Exercise: Output nothing except the lines from the one containing "Combo Gelatinas de" through the final line of the data, both included, typed exactly, minus the pictures.

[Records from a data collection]
-------------------------

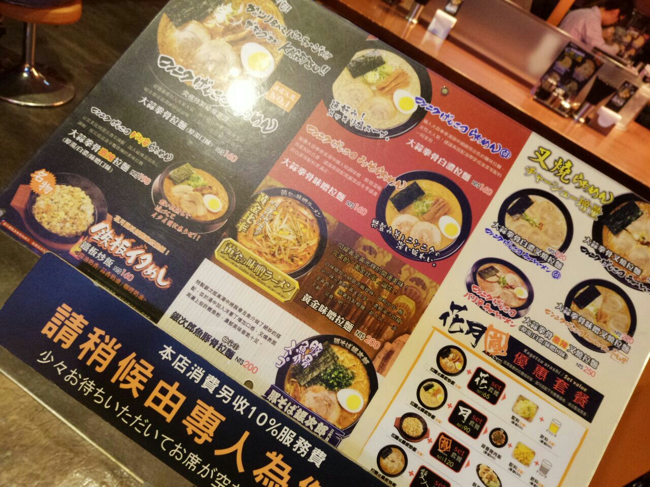 本来想去附近的马辣,结果太热门了,不预定要晚上九点之后才能吃,太麻烦了,随便找了一家,号称是“日本东京拉面激战区史上最强”,名头看上去很大啊,而且一般小店是不加收服务费的,这家拉面还加收了10[%]的服务费,吃完觉得一点都不好吃,日本拉面中的蛋一般不都是溏心蛋么,然后他们家做了一个实心蛋,估计就是随意煮熟之后对半切了,同层就是一个电影院,果然就是电影院旁边随意的吃食的味道,宣传墙内容太过了,没吃完就走了。
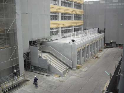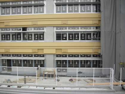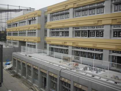 現在の新校舎建設工事の様子です。小中学校棟は大部分のシートが外され校舎の外観を臨むことができます。内装工事も進んでいます。ベランダで作業をする人たちも確認できます。今日も安全に工事が進むことを願っています。
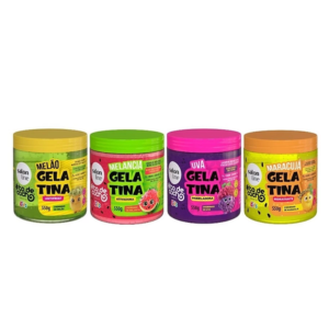 Combo Gelatinas de Frutas O kit conta com 4 gelatinas com cheirinho de frutas, formando o combo perfeito para a finalização dos cabelos dos pequenos. Juntos são especialmente formulados para cuidar dos fios delicados, oferecendo hidratação, definição e controle do frizz.
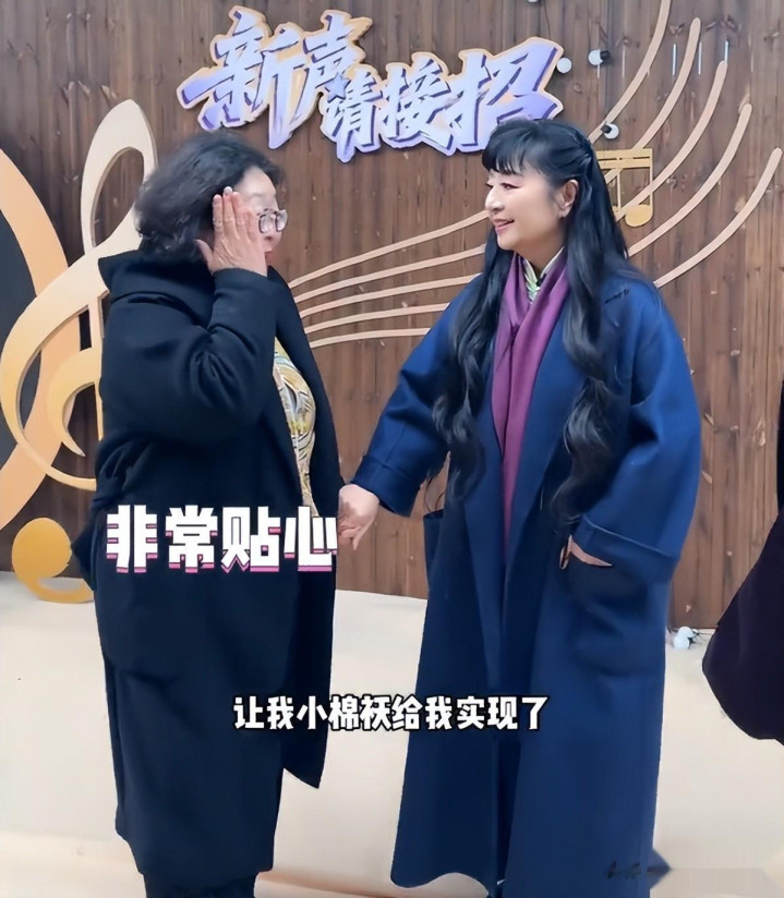 当天,海涛妈妈第一眼见到秀梅老师真人时,整个人瞬间呆住了,嘴巴张得老大,眼神里满是难以置信,看着看着,眼泪便不由自主地流了下来。原来,秀梅老师是海涛妈妈年轻时的偶像,那些陪伴她走过青春岁月的歌声,都来自秀梅老师。她还在现场真诚地说道,感谢自己的 “小棉袄” 沈梦辰,帮她圆了多年的追星梦。随后,海涛妈妈还现场哼唱了两句秀梅老师的歌,浓重的东北口音,让这段哼唱多了几分趣味,十分好记。
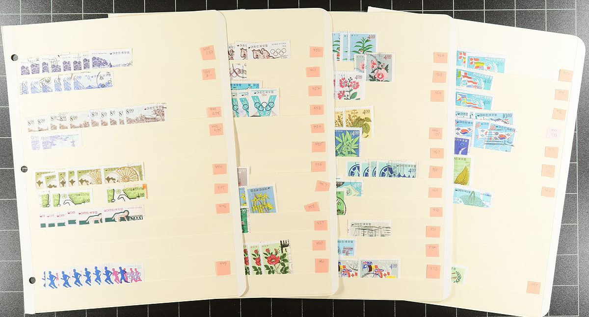 Substantial stock of used, mostly 20th century Korean issues accumulated and organized by a collector, and available for the first time. The early is a bit hit or miss (note #79 x7), and then strong post-WWII to the 1990’s, where it looks more like a collection than a stock. With a good range of semi-postals and airmails (#C30). Up to 20 of a type, catalogue values of individual items to $40.00. All are neatly organized into 50 manila stockpages identified by Scott number and (a slightly older) catalogue values. Condition is better than average and there may also be potential for the cancel collector. Substantial catalogue value here. Estimate =
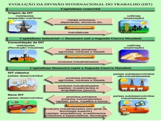 O documento discute os principais aspectos do comércio internacional, incluindo: 1) os tipos de comércio entre países (multilateral e regional); 2) estatísticas sobre o volume do comércio internacional; 3) o papel crescente das multinacionais; 4) a origem da divisão internacional do trabalho; 5) a Organização Mundial do Comércio como reguladora; 6) os principais produtos das exportações e importações brasileiras; 7) os desafios do Brasil no comércio internacional.
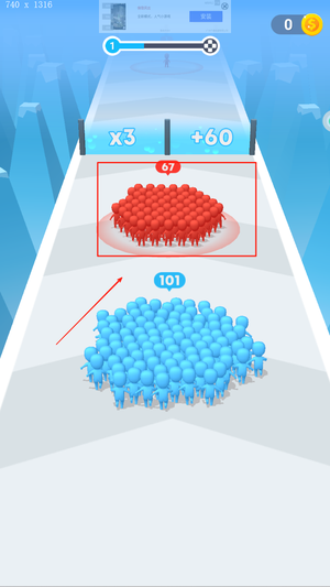 2、玩家需要增加自己一方的人数来与敌人对抗,底部会显示当前人数和目标提示,方便玩家查看进度。
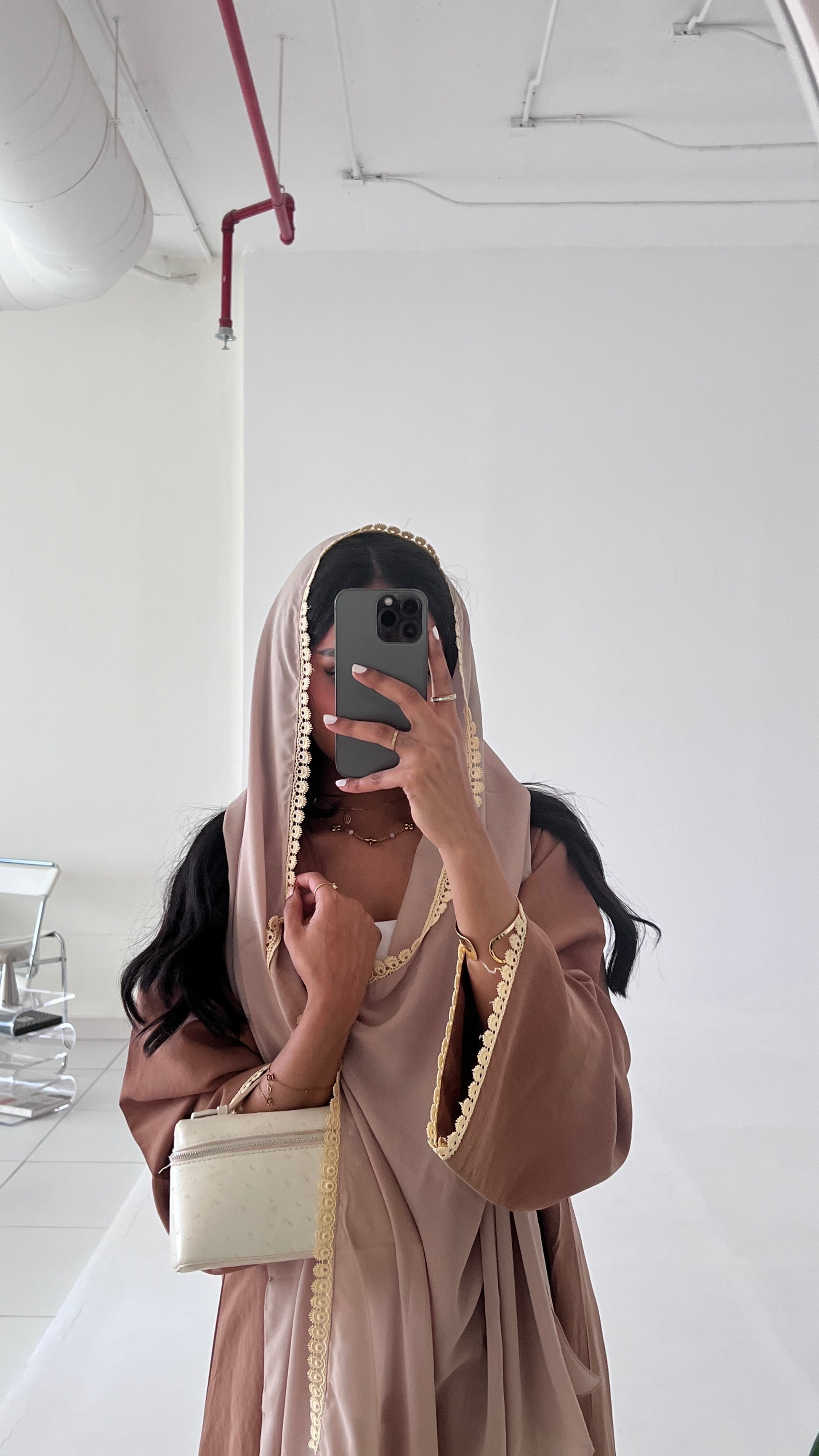 تزين الحواف تفاصيل من الدانتيل الفاخر، التي تضيف لمسة أنثوية أنيقة، بينما يكتمل التصميم بشال متناسق يمنحك خيارات متعددة للتنسيق بأسلوب عصري ومميز.

-------------------------

Response to the task:
 Combo Gelatinas de Frutas O kit conta com 4 gelatinas com cheirinho de frutas, formando o combo perfeito para a finalização dos cabelos dos pequenos. Juntos são especialmente formulados para cuidar dos fios delicados, oferecendo hidratação, definição e controle do frizz.
 当天,海涛妈妈第一眼见到秀梅老师真人时,整个人瞬间呆住了,嘴巴张得老大,眼神里满是难以置信,看着看着,眼泪便不由自主地流了下来。原来,秀梅老师是海涛妈妈年轻时的偶像,那些陪伴她走过青春岁月的歌声,都来自秀梅老师。她还在现场真诚地说道,感谢自己的 “小棉袄” 沈梦辰,帮她圆了多年的追星梦。随后,海涛妈妈还现场哼唱了两句秀梅老师的歌,浓重的东北口音,让这段哼唱多了几分趣味,十分好记。
 Substantial stock of used, mostly 20th century Korean issues accumulated and organized by a collector, and available for the first time. The early is a bit hit or miss (note #79 x7), and then strong post-WWII to the 1990’s, where it looks more like a collection than a stock. With a good range of semi-postals and airmails (#C30). Up to 20 of a type, catalogue values of individual items to $40.00. All are neatly organized into 50 manila stockpages identified by Scott number and (a slightly older) catalogue values. Condition is better than average and there may also be potential for the cancel collector. Substantial catalogue value here. Estimate =
 O documento discute os principais aspectos do comércio internacional, incluindo: 1) os tipos de comércio entre países (multilateral e regional); 2) estatísticas sobre o volume do comércio internacional; 3) o papel crescente das multinacionais; 4) a origem da divisão internacional do trabalho; 5) a Organização Mundial do Comércio como reguladora; 6) os principais produtos das exportações e importações brasileiras; 7) os desafios do Brasil no comércio internacional.
 2、玩家需要增加自己一方的人数来与敌人对抗,底部会显示当前人数和目标提示,方便玩家查看进度。
 تزين الحواف تفاصيل من الدانتيل الفاخر، التي تضيف لمسة أنثوية أنيقة، بينما يكتمل التصميم بشال متناسق يمنحك خيارات متعددة للتنسيق بأسلوب عصري ومميز.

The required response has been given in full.